Now whereas the old group did sound frantic and haphazard - like a freaked out circus playing far too many melodies all at the same time whilst inhabiting a slightly skewed train wreck, the tunes as such could never be accused of being jams. Sure there were sections that inspired a bit of laissez faire - do whatever you want, - BUT in essence they were highly orchestrated and well thought out pieces, even if that sounds a bit mad.

Zamla Mammas Manna on the other hand were diving head first into the unknown. It was about improvisations and loose structures based on whatever mood, sound, feel that was prevailing at the time of execution. Yeah - music of the moment, and while that sounds a bit like jazz, För Äldre Nybegynnare does not entirely sound like it. It doesn't sound like anything other than itself - to be quite honest. Take the first 2 cuts here called Urmakare(Watchmaker). Starting off with a jolly guy singing: WAHALALALHAALAWA - then seeping into a cacophonous guitar wall, some snuffling electronics from before the time of Mario Brothers, but not unlike it - and tadah! you have the intro. Then the drumming starts with it's nervous twitching along with a deep fat bass chugging along like a dirty swamp monster from your darkest dreams. It's angular, mad, uneven, imaginative like a children's fairytale and stuffed full of small segments swaying the track to change coarse for the more gritty, rocking, ethereal or everything in between.

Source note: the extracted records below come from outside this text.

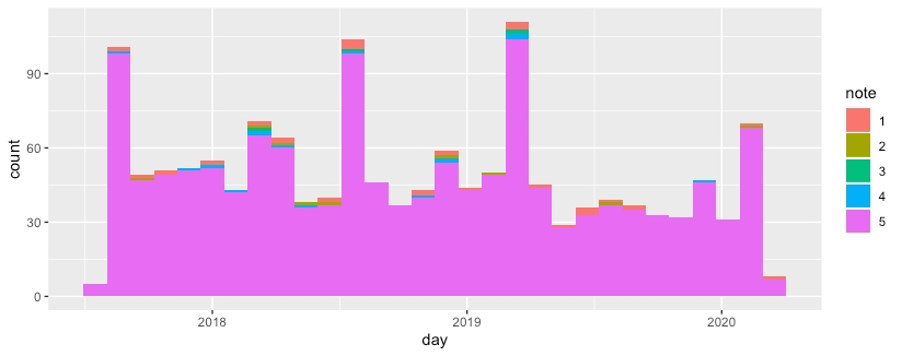 ggplot(all_reviews, aes(x=day, fill=note))+
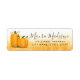 Devolva etiquetas de endereço com duas abóboras em um plano de fundo de abertura de cor d'água laranja e branca. Campos de modelo personalizáveis para seu nome e endereço.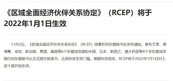 【베이징=정지우 특파원】중국 상무부는 역내포괄적경제동반자협정(RCEP)이 내년 1월1일부터 발효된다고 밝혔다.

This could be a description of the album itself. A constant battle of differentiating moods and tempers - all conveyed in notes and musical journeys that will have you reaching for your sanity from time to time. It's funny as well, but maybe that is down to the strange vocals. Man they make me laugh! Harsh screams sounding like the food of nightmares - then lingering into some bizarre yodelling textures only to end up with a hair caught in the mouth - coughing, spitting and grinning. Seriously though, this album is also very beautiful. Some of it is achingly ethereal with its mumbling screeching guitars that wander about in mid air. The long drawn out piece called Seldon In Memoriam is almost ambient, and to an electronic initiated like myself - that is certainly interesting. Still it sounds like a cartoon run amok in the studio of Tangerine Dream anno 1972 with creepy soundscapes and flickering marimba noises, a guy singing in the shower and a stagnant shaman like feel to the organs, as if these guys were trying to conjure up the god of insignificance. It is a snapshot of a crazed out band trying to do their very best not to fall in, obey and take orders. It ends in the most wonderful evil guitar riffing and drum assault - sounding like the whole of the studio suddenly got flipped over on one side, - breathing its last breaths and finally silently ebbing out in an eerie type of electronically infused epilogue.

This will almost certainly not be for everyone, and if you are one of those who think that Frank Zappa on occasion gets a bit too experimental and weird, then you should probably stay away from this outing. If you however think of Henry Cow and others that veered into the more abrasive and shapeshifting forms of music - those from the RIO movement that pushed the envelope and ran with the zebras - then you are most likely going to love this album just as much as I do. It's bizarre, off, beautifully entrancing, cartoonish, gritty, fun like hell, cheery, evil, schizophrenic, waltzing, folky, angular, heavy, corny, electronic, staccato, jump-rope like and far more things than I could ever possibly hope to attach to it. The fact of the matter is, that I adore it like Monty Python - not because I understand it, but because I'm able to flow with it - get with it like a human transformation of the river raft.